Tags: Non-Fiction, Essays

Essays, Non-Fiction

The Good Immigrant

Cover image for The Good ImmigrantEdited by Nikesh Shukla and Chimene Suleyman

ISBN 978-0-316-52423-0

“Promises were made to those who arrived on this country’s shores. There were full-throated declarations about equality and all men breathing free. Regardless of how uncomfortable these words may now make some sons of the men who wrote them, we intend to hold those promises to account.” –Walé Oyéjidé

The Good Immigrant is an American take on a British best-seller of the same name, compiled by the same editors, one of whom is now living in the United States. The book consists of twenty-six essays about being an immigrant to the United States, or the child of immigrants. Some now have their own American-born children. Jim St. Germain writes that this is like “living with my heart outside my body in a warzone.” Some are refugees, and others come following family or economic opportunities. Some might even have preferred to stay at home, but were pushed or pulled across the ocean by the circumstances of life. Tensions about immigration remain a political flashpoint in America, leaving the writers to grapple with language, identity, and culture in the midst of a hostile environment.

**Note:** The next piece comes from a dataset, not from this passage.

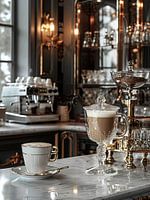 kop koffie of cappuccino drinken thuis of in horecagelegenheid aan het plein of aan het strand
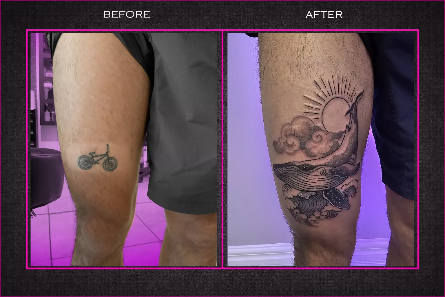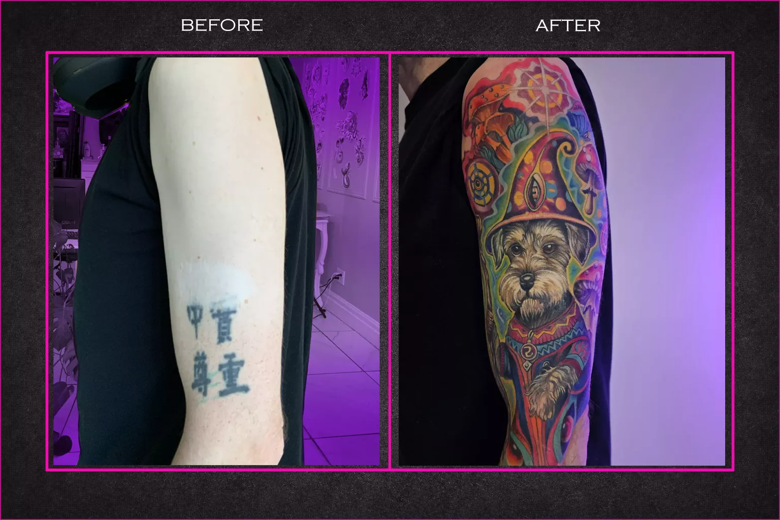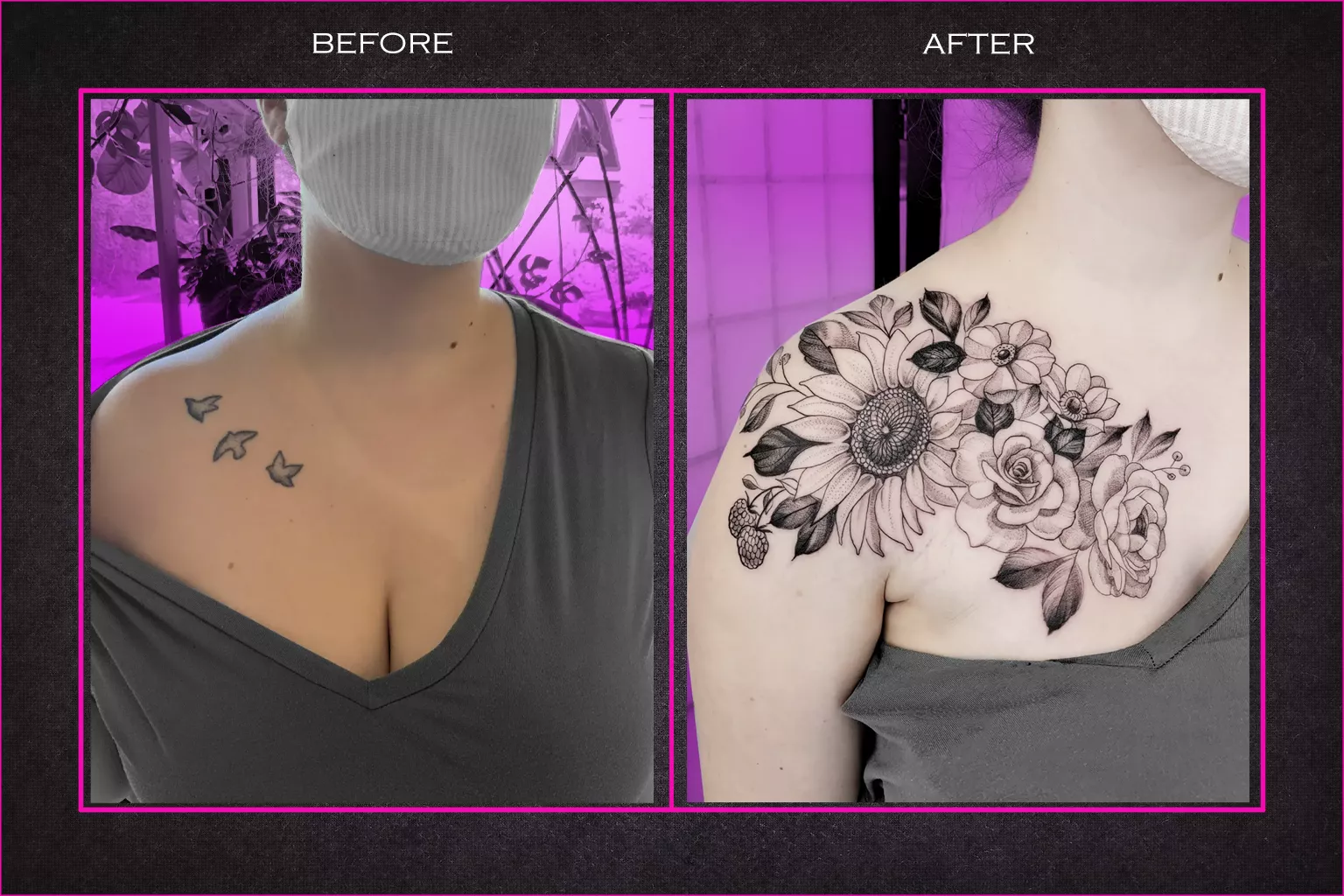 A cover-up tattoo is a specialized technique used to redesign and conceal an existing tattoo usingsize, contrast, and placement in a strategic way.

The collection opens with an essay by Porochista Khakpour about her complicated relationship with being known for her essays about the Iranian-American experience. She struggles openly with the confluence between what she thinks people want to hear from her, what she wants to write, and what she thinks she can sell. Nigerian author Teju Cole also writes about feeling his identity shaped from the outside in this way. Cole describes becoming “African” only upon arriving in America, where the fifty-four countries that make up that vast and diverse continent are reduced to a shapeless monolith. He felt his Blackness more acutely once removed from a place where everyone was Black, and thrown against the white backdrop of America.

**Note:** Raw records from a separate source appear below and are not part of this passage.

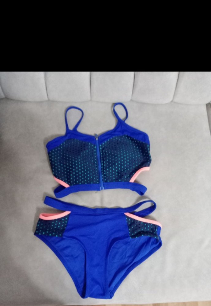 Fermuarlı, ince askılı, mini uzunlukta mavi bikini. Renkli detayları ve sıkı kesimiyle plaj için uygun.
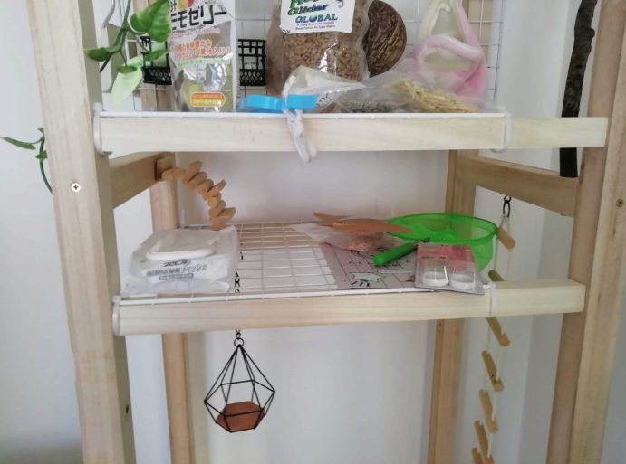 飼育用品やフードが思ったよりもスペースを取ってしまい、リコさんの遊ぶスペースがなくなってしまった。
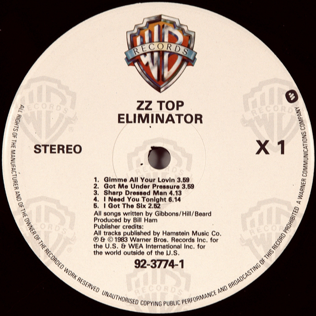 ZZ TOP-ELIMINATOR-1983-FIRST UK PRESS-WARNER-92-3774-1. Very rare British original released in very small quantities as plants WARNER during this period endured in Europe. Eliminator (eng. Eliminator) is the eighth Studio album by rock band ZZ Top, released 23 March 1983 on Warner Bros. Records. One of the most successful albums in its history, which reached diamond status in the USA (on 7 August 1996 sold 10 000 000 copies) included in the top ten of The Billboard 200 and stayed there for 135 weeks.
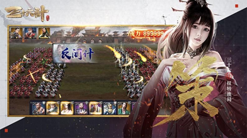 帝王之路异常坎坷,玩家们要经历多重磨难,才能登上宝座。游戏汇集了美女将、知名武将、君王将等,每一位都是背景和实力兼备,劲霸登场。它设计了多重连环计谋,三十六计异常出彩,比如连环计、美人计、反间计等。每场战争情况不同,玩家要做好心理准备,推算天时地利人和,在不同坐标处博弈,批量强化一众兵种,争夺君王尊号。
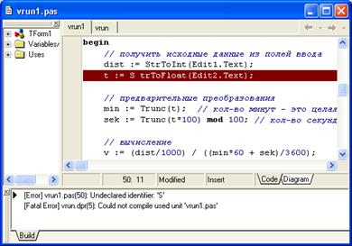 Рис. 20.Сообщения компилятора об обнаруженных ошибках Если во время компиляции окна Compiling на экране нет, то выберите из меню Tools команду Environment options и на вкладке Preferences установите во включенное состояние переключатель Show compiler progress. Компиляция проекта происходит при запуске его на выполнение. Транслируя проект Delphi компилирует только те файлы, которые изменялись. Но если вы выберите в меню Project команду Build All, то будет откомпилирован каждый файл, даже если он не изменялся. Проект содержит список файлов исходного кода, которые являются частями проекта, а также соответствующих им форм (при наличии таковых). Сначала каждый файл исходного кода превращается в откомпилированный модуль Delphi – файл с тем же именем, что и у исходного файла на языке Паскаль, но с расширением DCU. Во время компиляции и компоновки самого проекта откомпилированные модули, составляющие проект, сливаются (или связываются) друг с другом и с кодом библиотеки VCL, образуя исполнимый файл.

The question “Where are you from?” is a thread that runs through many of the pieces collected here. It is addressed by Fatima Asghar, who asks, “how much of myself can I give away to satisfy others’ thirst?” Sometimes the question comes from another outsider seeking connection, but most often it is a loaded question, almost an accusation, and an implication of non-belonging.  The question is at the heart of the essay contributed by Yann Mounir Demange, who is one of three mixed-race brothers, who share the same white mother, but different fathers. He settles on describing himself as a Londoner—but not British—but each layer of his life story that he peels back reveals how complicated and personal such a seemingly simple question can be. Our desire to taxonomize is deeply invasive.

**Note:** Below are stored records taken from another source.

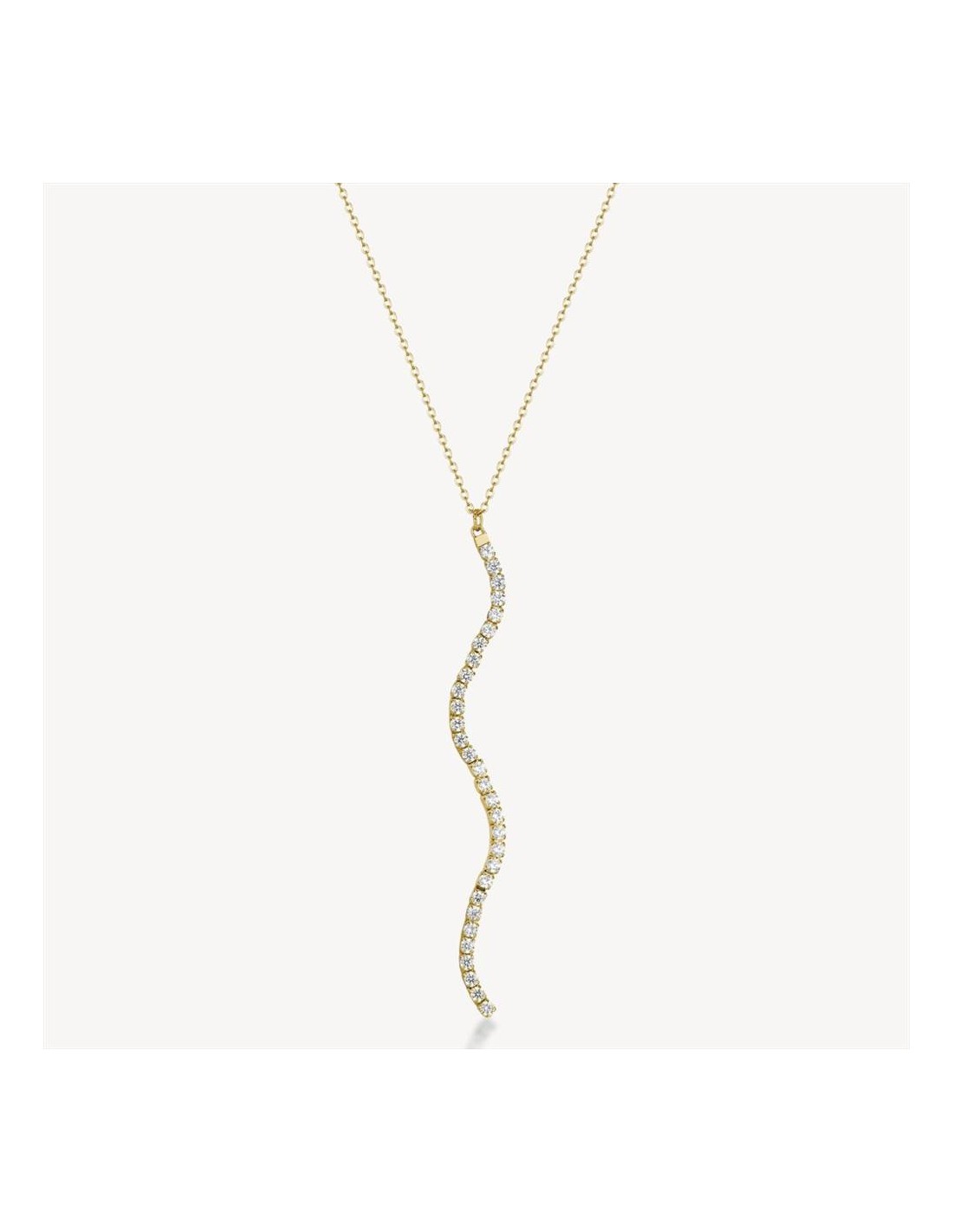 Collana Brosway Desideri, lunga in acciaio 316L e finitura pvd oro 14K, con pendente a S e cubic zirconia.
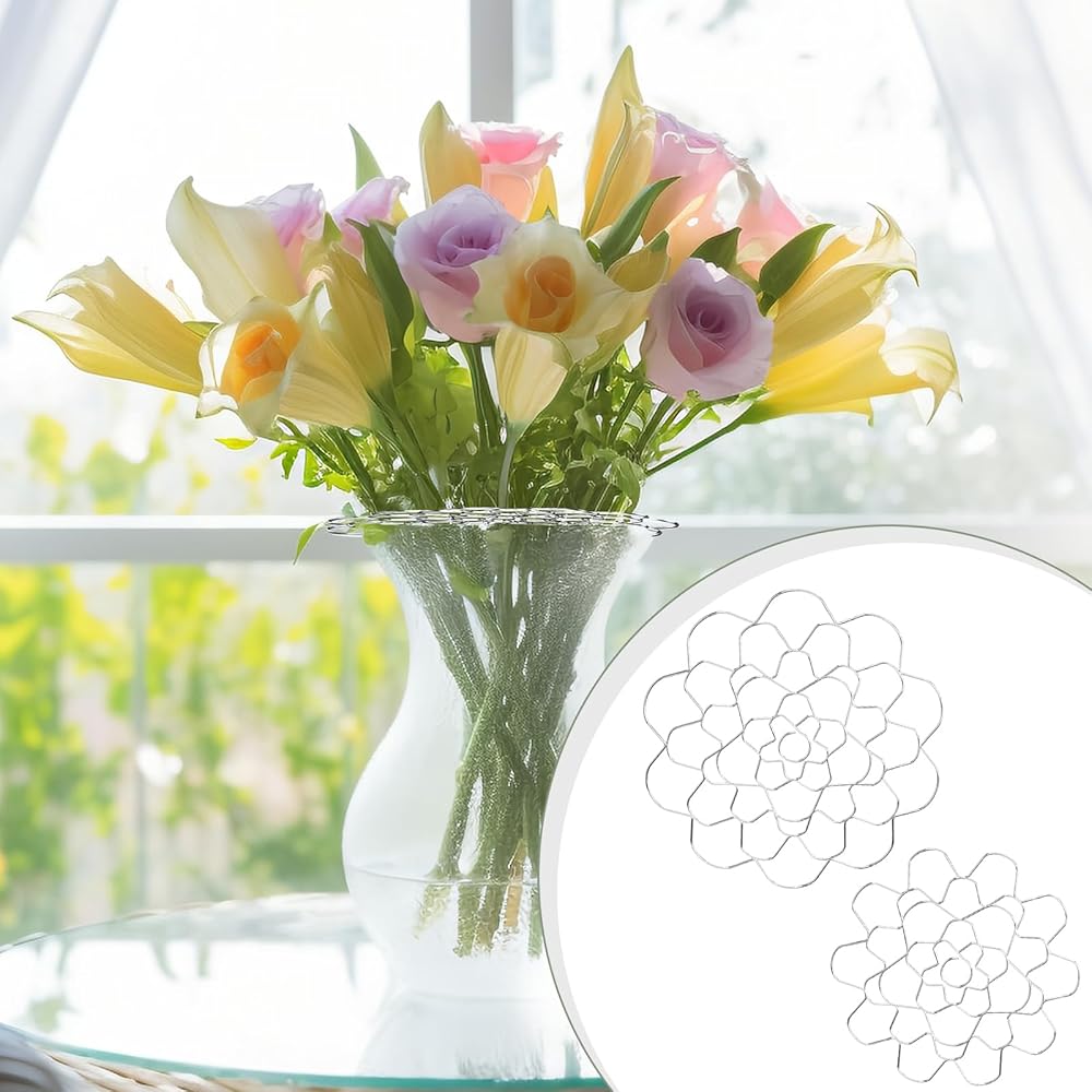 حامل ترتيب الزهور ، Benospace 2pcs الشبكة الأزهار من الفولاذ المقاوم للصدأ مع 6pcs مقطع سلك زهرة الفضة تطور لسيقان زهرية باقة التثبيت النباتية الإمدادات
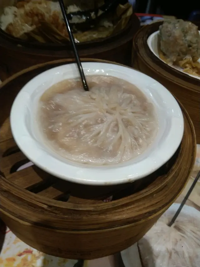 今日約左朋友傾計,佢介紹尼間幾好食。咁我就話ok,食點心傾計都唔錯。去到唔洗等位就有位坐,都幾快。坐低無耐就有職員斟茶比我地飲,服務唔錯。黎左個咸魚肉餅荷葉飯,幾大個同好香添~蘿蔔絲腸粉(唔記得個名)尼個值得推薦,超級好味~咬落去外面腸粉薄皮外軟,內裡的蘿蔔絲香脆可口,整體好好食呀!!我好喜歡,就算最後好飽都要食晒佢~尼間店幾好,可以淨係叫2粒燒賣,咁就可以食多d唔同種類既野食,間野咁樣諗,真係唔錯。尼粒燒賣好好食,雖然賣相怪怪地,但食落去又幾好食,不錯。2隻蝦餃尼粒蝦餃大大粒,又好食~唔錯~個名叫吮吮包,佢地話類似小籠包,但係係大版本。黎到仲有支飲管比客吸住飲入面d湯汁之後再食裡面既肉,感覺幾有諗頭。賣相相當吸引,好特別~不過我試完後,還是覺得小小的小籠包好食d。因為就係大個得制,唔知點食,雖然話吸晒入面D湯汁先。。。但如果吸晒湯汁,淨番裡面D肉就咁食又唔見得好食~加上好熱。。。好難就咁啜。。。其實食落好唔方面。。。唔建議食尼個。。。。查看更多
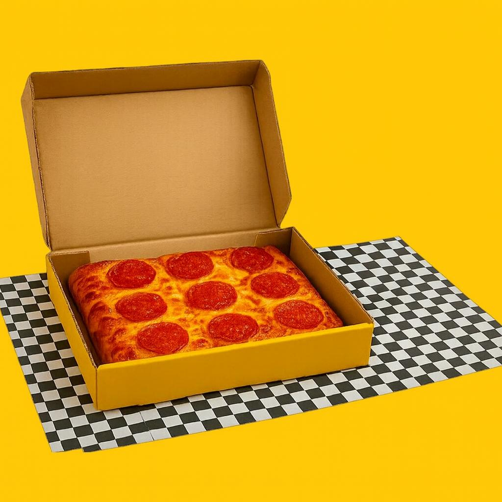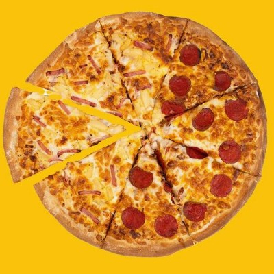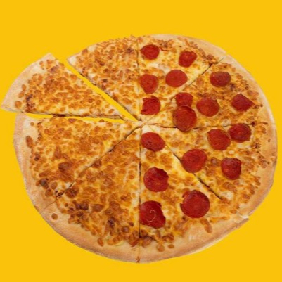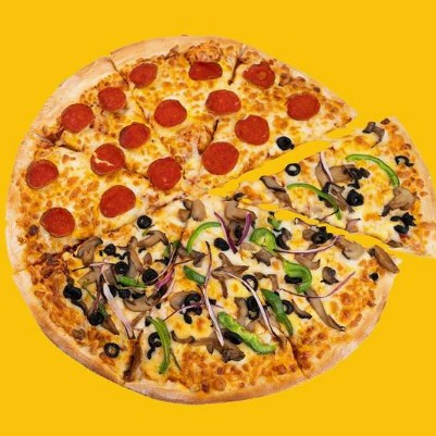 Pizza mitad pepperoni, mitad la especialidad de tu elección.

Many of The Good Immigrant’s writers also reveal complex relationships with where they came from. “My people, my people. How I love you on sight, how you make my heart beat a crowded symphony in my chest. Half of the time I want every single one of you as my kin, and half the time I want nothing to do with you. Perhaps this is the source of my loneliness: belonging and not belonging, always, to you,” laments Fatima Asghar, reflecting on the push-pull of her South Asian identity. Priya Minhas writes movingly about women being forced out of her community for failure to conform to its ideals of womanhood: “Sometimes it is a luxury that I’m now able to define myself outside my community. Other times I’m so homesick that I forget I’m living here by choice.” Instead of people, the departed women become cautionary tales for the next generation of girls. Distance becomes a heartbreaking necessity for a woman who wants to build a life outside such narrow confines. For biracial writer Alexander Chee, it was necessary to find a path into his Korean identity that did not involve doing so through his father’s abusive family.

Another thread that runs through the collection is language and accent, which arise again and again as the contributors are continually policed by society for the way that they speak or write. Daniel José Older writes about his childhood refusal to learn Spanish, and the internalized bigotry that led to years of miscommunications with his own family members. Actress Dani Fernandez writes about being frozen out of Spanish by her parents and grandparents, who wanted her to sound American. But instead of her telling her she sounds American, people tell her she sounds white, and that she isn’t Latina enough for their idea of the Latina characters they want to cast for television. Fatima Asghar writes about being a native English speaker, and yet being told that her grasp of the language is wrong. But it is the only language she has, since her parents died and she no longer has Urdu or Saraiki with them. Nigerian Chigozie Obioma writes about how his “African” accent exoticized him, setting him apart from African Americans in the eyes of their White neighbours, at least in situations where he had a chance to open his mouth.

Most of the writers are people of colour, whose outward appearance means that they cannot slip seamlessly into white America and disappear. But one essay comes from Irish immigrant Maeve Higgins, who writes about the blithe privilege with which she overstayed her visa as a teenager, utterly unconcerned that she might be caught or punished. Now acutely aware of her privilege, she writes about how preclearance programs discriminate against people of colour, and prevent legitimate asylum claimants from reaching US soil, a necessary first step in making such a claim. Another is contributed by Jean Hannah Edelstein, the daughter of a Jewish American father and a Scottish mother. She writes about how she felt Othered by being the child of an immigrant who might have preferred to stay the UK, and only later came to realize the privilege of her whiteness in contrast to her identification with the experiences of her peers who were the non-White children of immigrants.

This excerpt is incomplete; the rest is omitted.